The first application presents sampling distributions for a random process where we know the underlying process of the population: The rolling of two die.

Suppose you worked for a gaming commission and placed in charge of making sure the dice at a casino were fair. We know that the (population) average roll of 2 fair die is 7 while the standard deviation is 2.45.⁴

It wouldn’t be fair for you to test a set of dice by rolling them once because there is a large probability of rolling a number other than 7. In particular, there are 36 possible outcomes of rolling two die and only 6 of those outcomes equal 7. This means that although 7 is the highest probability single outcome, there is a much higher probability of rolling a number other than 7 (ever play craps?).

The figure above is the population distribution of rolling two die.

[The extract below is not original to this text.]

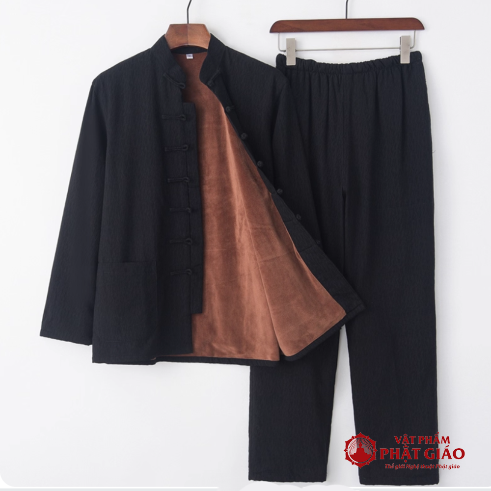 Bộ Quần Áo Mùa Đông Lót Lông Của Nam – Pháp Phục Cư Sĩ, Phật Tử Nam Màu Đen

The average (mean) value is 7, the range of possible outcomes are between 2 and 12, and the standard deviation is a number that represents the dispersion of individual values around the mean. If you were to roll two die, then the outcome of that roll is conceptually a draw from this distribution.

Since we don’t want to wrongfully accuse the casino of cheating, we need to roll the dice a few times to get an idea of what the average roll value is. If it is fair dice, then we know they will roll a 7 on average - but that means we would need to roll the dice an infinite amount of times to achieve this. To be realistic, lets settle on a number of rolls to be generally given by \(n\). If we choose \(n=5\), then that means we roll the dice 5 times, record the roll each time, and then record the average. This is a sample average of a sample of size 5. We could do this for \(n=10\), \(n=30\), \(n=300\), etc.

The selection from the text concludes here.